Comunicação apresentada no Congresso Internacional "Rafael Bordalo Pinheiro no seu tempo" - Lisboa: Universidade Nova - 18.11.2009


Mas será que não poderemos sustentar o inverso destas interpretações? Será que o riso estrepitoso ou simplesmente discreto suscitado pelo manguito do Zé Povinho, longe de representar a reivindicação desalienante de certos hedonismos bordalianos não significará antes um juízo de superioridade formulado por quem vê em relação a quem cria? Expliquemo-nos. Baudelaire, nas suas páginas de estética, ao ajuizar sobre a obra dos grandes caricaturistas franceses e britânicos, propôs uma interpretação do riso a que o tempo deu a força do paradigma. O riso seria, em seu entender, o resultado da consciência da superioridade de quem ri e o anátema condenatório derramado sobre o objecto dessa hilariedade.

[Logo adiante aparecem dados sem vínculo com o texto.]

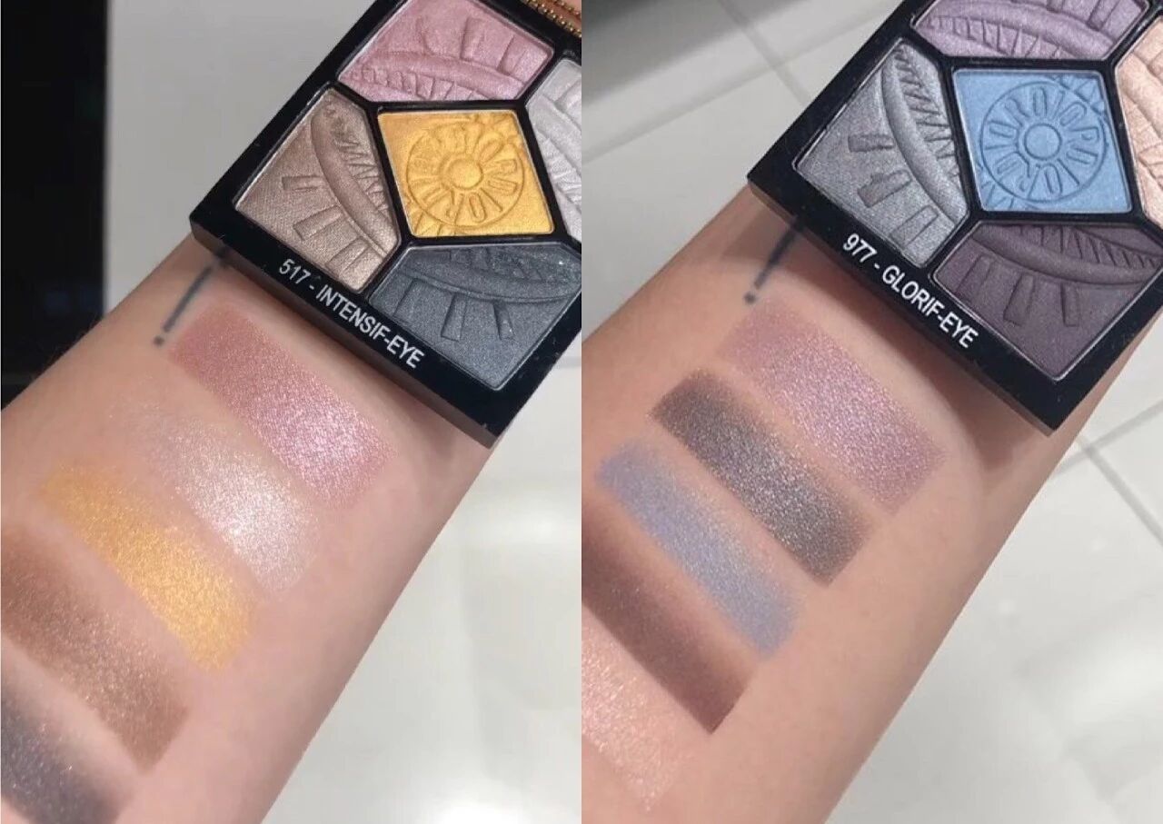 2个色号都是冷色系,#977 Glorif-Eye用中间的蓝灰色完美平衡了烟熏紫和灰色系组合,而#517 Intensif-Eye则更偏温暖和谐。

Por isso, seria cruel, desapiedado e diabólico. Rimo-nos de quem escorrega e se estatela, do alto da nossa convicção de que jamais nós nos deixaríamos deslizar tão desastradamente e achatar no solo sujo. Rimo-nos dos que produzem inconveniências sociais ou mundanas porque estamos cientes de que o nosso respeito pelo bom-tom e pelos códigos protocolares de conduta nunca nos deixariam fazer tão tristes figuras. Rimo-nos duplamente do manguito do Zé e da heterodoxia iconográfica do seu criador por vermos corroborado, no gesto fálico, a imagem proverbial do patego mal-educado, do tosco labrego analfabeto, que nós não somos, e em Bordalo Pinheiro o ceramista popularucho, obsceno e primário que ficou muito aquém, por exemplo, da Arte consumada do seu irmão Columbano, por nós muito apreciada. Seria um riso ambíguo, sentado no varandim da auto-suficiência e, em derradeira análise, do desdém.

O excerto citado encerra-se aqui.